Laser processing enables high-precision and designable fabrication of hierarchical micro-nanostructures on various functional materials, revealing great potential for developing biomimetic surface and devices [16,17,18,19,20]. With the help of laser processing, biomimetic structures can be readily produced on different materials according to the models of natural creatures [21,22,23,24]. The surface microstructures and nanostructures of metal surface are essential for their potential applications in different fields, for instance, anti-icing, corrosion resistance, heat radiation, and anti-reflection [25,26,27,28,29]. Especially considering the camouflage and photothermal applications, great efforts have been devoted to the development of laser-induced metallic anti-reflection surfaces [30]. For example, Fan et al. proposed and proved through experiments that a highly disordered, super hierarchical micro-nano structure formed on the surface of a metal (such as Cu) exhibits a high degree of anti-reflection ability in the ultra-broadband spectrum from ultraviolet to far infrared [31]. Zheng et al. proposed a hybrid method consisting of ultra-fast laser-assisted texturing and chemical fluorination treatment to significantly reduce the reflectivity of the titanium alloy surface by creating ultra-light trapping micro-nano structures [32]. In spite of these pioneering works, innovations on rational design and fabrication of anti-reflective micro-nano structures through a biomimetic manner are still highly desired. Open problems with respect to the reduction of reflectivity, the increase of light absorption, and especially the applications of anti-reflection metal surface in different fields are still challenging.

In this work, we propose the laser fabrication of anti-reflection titanium alloy surface and its applications in developing light-responsive slippery surface. Laser processing has been employed to create anti-reflection structures, similar to the black region of Little Angel Swallowtail Butterfly wings, on titanium alloy through a laser ablation and nanoparticle deposition process.

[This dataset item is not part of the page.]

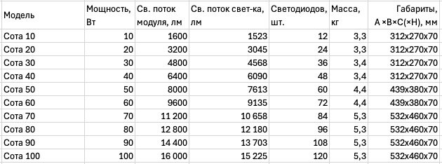 Световой поток светильника указанный в таблице модификаций доступен с индексом цветопередачи CRI70, цветовой температурой 5000К и прозрачным рассеивателем.

The laser-structured titanium alloy surface demonstrates good anti-reflection properties (300~2000-nm reflection smaller than 10%) and improved light absorption ability. In addition, the anti-reflection titanium alloy surface is employed as a photothermal substrate to prepare a light-responsive slippery surface, which can be used to control the sliding behavior of liquid droplets. This method enables the preparation of anti-reflection and high-absorption metal surfaces, revealing great potential for applications in bionic devices and microfluidics.

2. Methods

2.1. Sample Preparation

A 40 mm × 40 mm × 1 mm titanium alloy slice was used for sample preparation. First, it was cleaned with ethanol before laser processing. The laser treatment mode was set to the laser ablation mode to fabricate micro-nano-structures on the titanium alloy surface. The parameters were set as: scanning speed 50 mm/s, frequency 20 kHz, power 10 W. The scheme for laser processing process is shown in Figure 1a. Figure 1b shows a schematic diagram of the reflection of light on smooth surface and the anti-reflection effect on the laser-structured surface. Briefly, the antireflection effect can be attributed to the grooved microstructures and the nanoscale roughness on the surface.

2.2. Characterization

The scanning electron microscope (SEM)image was obtained by JEOL field emission scanning electron microscope (JSM-7500). The temperature data were obtained from a non-contact infrared thermometer (smart sensor AS872D). The relative thermal image was taken with an infrared camera called FLIR One. The titanium alloy samples prepared under different laser-processing conditions were placed under the lamp, and the non-contact infrared thermometer monitored the rise of surface temperature under light irradiation in real time. Confocal laser scanning microscope (CLSM)images were obtained from LEXT 3D measurement laser microscope (OLS4100).

3. Results and Discussion

3.1. Butterfly Wings Model

Figure 2a shows a specimen of a Little Angel Swallowtail Butterfly. We observed the black region on the butterfly wing and investigated the surface structures on the scales using the confocal microscope. The microscopic image is shown in Figure 2b; it can be seen from the image that scales are neatly arranged on the butterfly wings. Each scale is curved and overlapped, with distinct linear grooves in the scales. This unique anisotropic microstructure accounts for their surface wettability. Interestingly, the actual color of the dark region observed with the naked eye is brown-yellow. Nevertheless, since the linear grooves on the butterfly wings effectively absorb incident light and have an obvious anti-reflection effect, the brown-yellow area of the butterfly wing appears black to the naked eyes. In addition, the butterfly’s layered wings may also play a role in the anti-reflection effect. To get deep insight into the anti-reflection effect of a butterfly wing, we further investigated the photothermal effect of the wing under light irradiation, as shown in Figure 2c,d.

3.2. Surface Microscopy

Figure 3 shows the surface morphology of the laser structured titanium alloy. As shown in Figure 3a, after laser treatment, the laser-treated region becomes black, while the untreated region shows obvious metallic luster. The darkness of the laser-treated region suggests the anti-reflection effect. To get deep insight into the microstructures of the laser-treated and untreated region, we further characterized the sample with CLSM. Figure 3b shows the CLSM image of the untreated region of the titanium alloy substrate. It can be seen from the image that the surface is not very smooth, with a small number of irregular depressions on the surface. In spite of the surface roughness, the sample appears smooth as a whole. Figure 3c shows the CLSM image and the surface profile (Figure 3d,e) of the laser-processed region. The as-formed microstructures are inspired from the scales of a butterfly wing. There are protrusions and linear grooves, which are comparable to the grooves of butterfly wings. In addition, the grooved microstructures are also not smooth; there are plenty of nanoparticles on the surface. This rough and grooved microstructures and can effectively absorb light and thus reduce reflection.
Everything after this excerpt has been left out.